Segment Start: Data for analysis

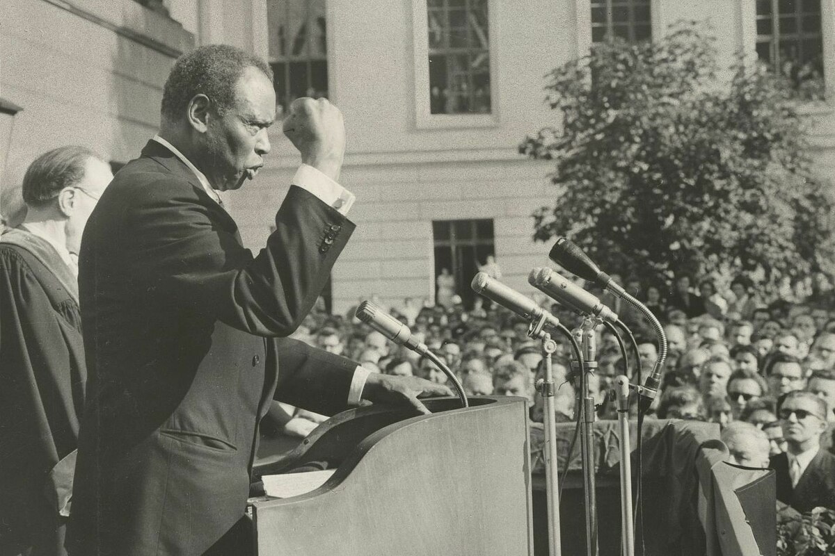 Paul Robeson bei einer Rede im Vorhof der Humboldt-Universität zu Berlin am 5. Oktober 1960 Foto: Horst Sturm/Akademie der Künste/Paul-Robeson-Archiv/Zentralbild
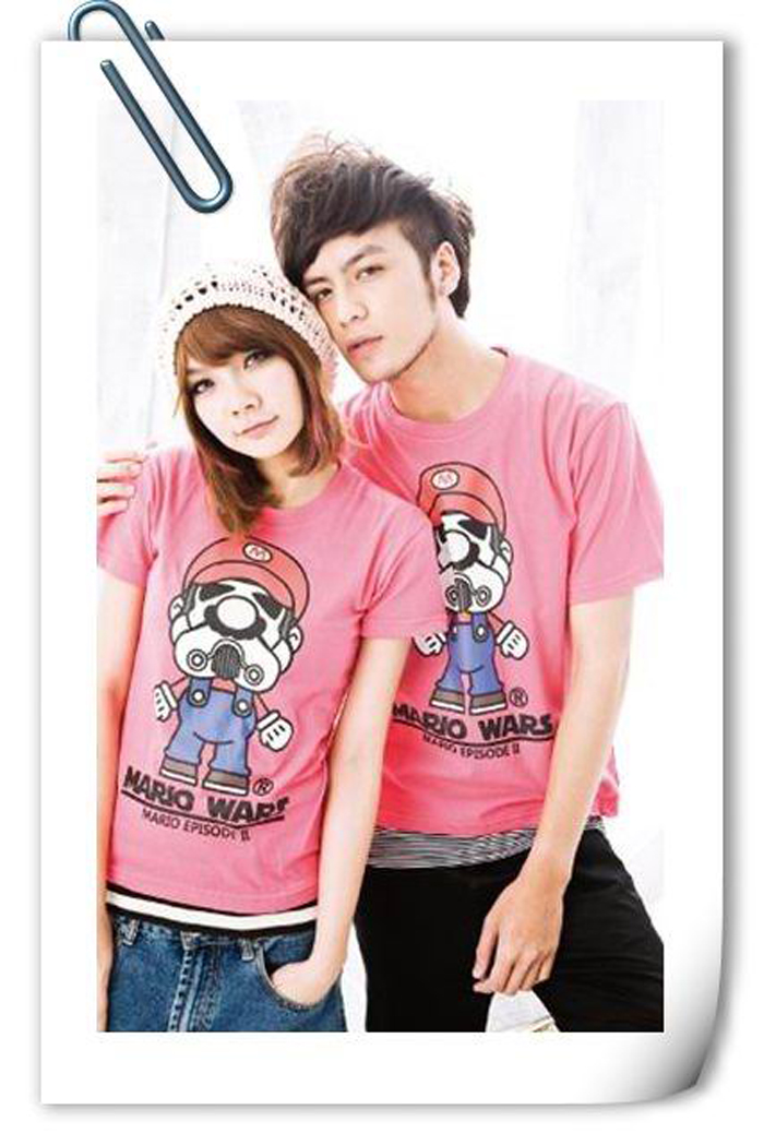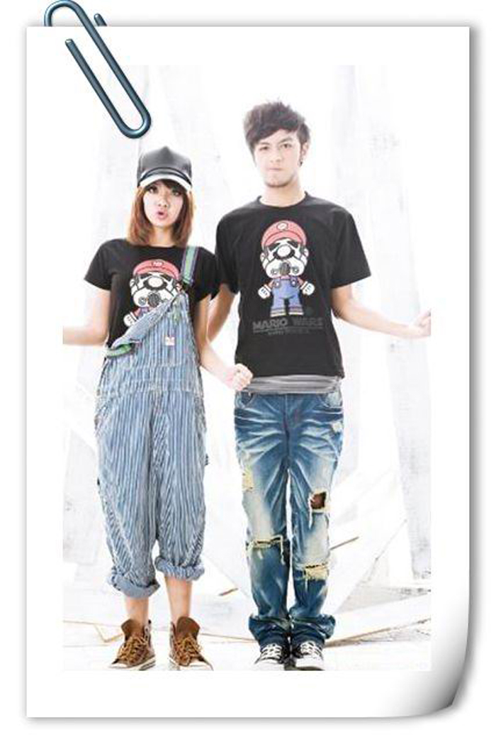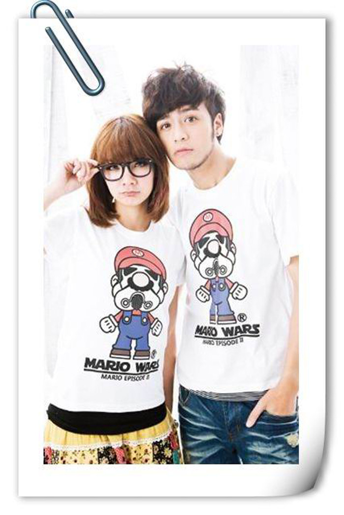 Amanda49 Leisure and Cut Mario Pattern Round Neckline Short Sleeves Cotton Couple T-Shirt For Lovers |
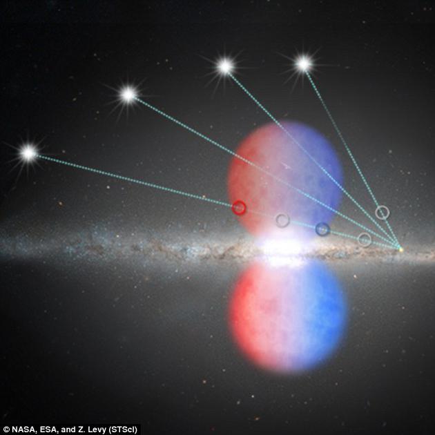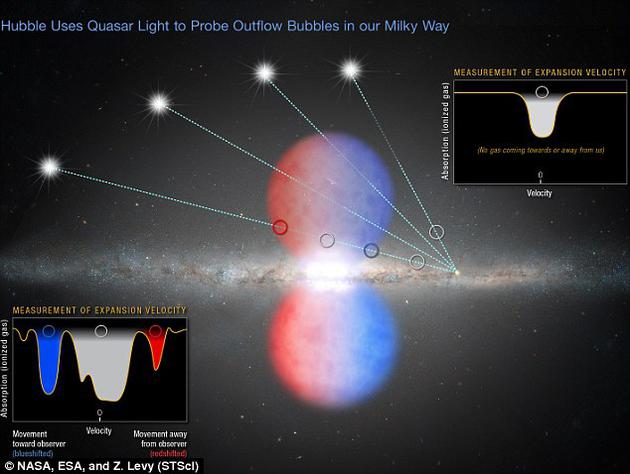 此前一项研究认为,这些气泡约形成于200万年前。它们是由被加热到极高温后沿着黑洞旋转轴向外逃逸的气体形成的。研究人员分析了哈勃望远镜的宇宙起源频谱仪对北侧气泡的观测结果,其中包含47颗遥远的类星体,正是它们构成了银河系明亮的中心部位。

Segment End: Data for analysis
Segment Start: Data for analysis

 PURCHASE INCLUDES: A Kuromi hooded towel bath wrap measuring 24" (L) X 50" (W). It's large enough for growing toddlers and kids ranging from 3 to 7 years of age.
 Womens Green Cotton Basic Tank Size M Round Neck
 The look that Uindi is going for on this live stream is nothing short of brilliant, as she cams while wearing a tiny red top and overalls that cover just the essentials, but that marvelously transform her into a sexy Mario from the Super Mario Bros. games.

Segment End: Data for analysis
Segment Start: Data for analysis

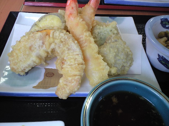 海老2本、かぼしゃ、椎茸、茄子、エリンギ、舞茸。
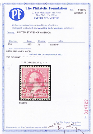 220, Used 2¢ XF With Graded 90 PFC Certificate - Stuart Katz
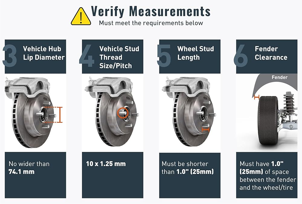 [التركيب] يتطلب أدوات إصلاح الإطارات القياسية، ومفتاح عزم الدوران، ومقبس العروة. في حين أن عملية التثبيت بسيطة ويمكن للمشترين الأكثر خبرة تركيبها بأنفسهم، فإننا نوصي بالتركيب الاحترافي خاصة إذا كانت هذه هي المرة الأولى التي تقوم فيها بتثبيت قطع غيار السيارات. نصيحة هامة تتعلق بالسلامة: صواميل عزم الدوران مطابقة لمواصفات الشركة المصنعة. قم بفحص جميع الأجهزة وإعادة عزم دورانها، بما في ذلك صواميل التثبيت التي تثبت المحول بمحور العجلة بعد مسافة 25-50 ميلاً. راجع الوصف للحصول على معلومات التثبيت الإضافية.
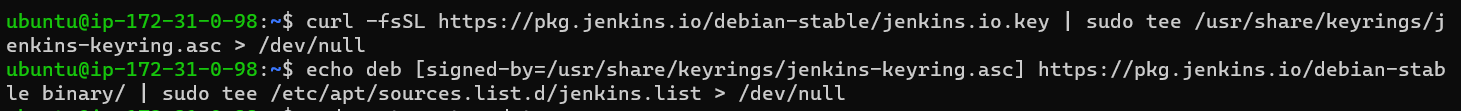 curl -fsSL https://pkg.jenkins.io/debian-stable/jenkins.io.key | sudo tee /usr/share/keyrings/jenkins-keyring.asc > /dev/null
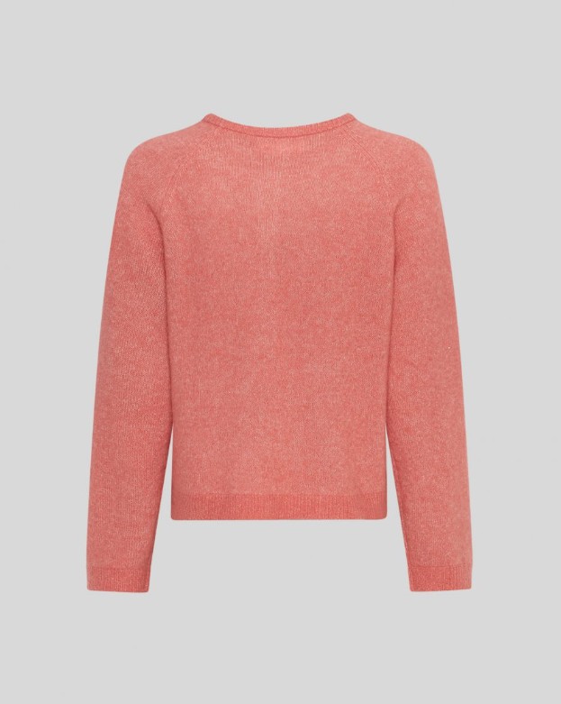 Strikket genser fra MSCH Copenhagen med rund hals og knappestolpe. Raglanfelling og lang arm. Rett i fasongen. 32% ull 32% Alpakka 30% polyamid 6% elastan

Segment End: Data for analysis

How to complete this task:
Set down, exactly as they appear above, all lines from the one that has "Womens Green Cotton" down to the one that has "The look that", including those two and no others.

Result:
 Womens Green Cotton Basic Tank Size M Round Neck
 The look that Uindi is going for on this live stream is nothing short of brilliant, as she cams while wearing a tiny red top and overalls that cover just the essentials, but that marvelously transform her into a sexy Mario from the Super Mario Bros. games.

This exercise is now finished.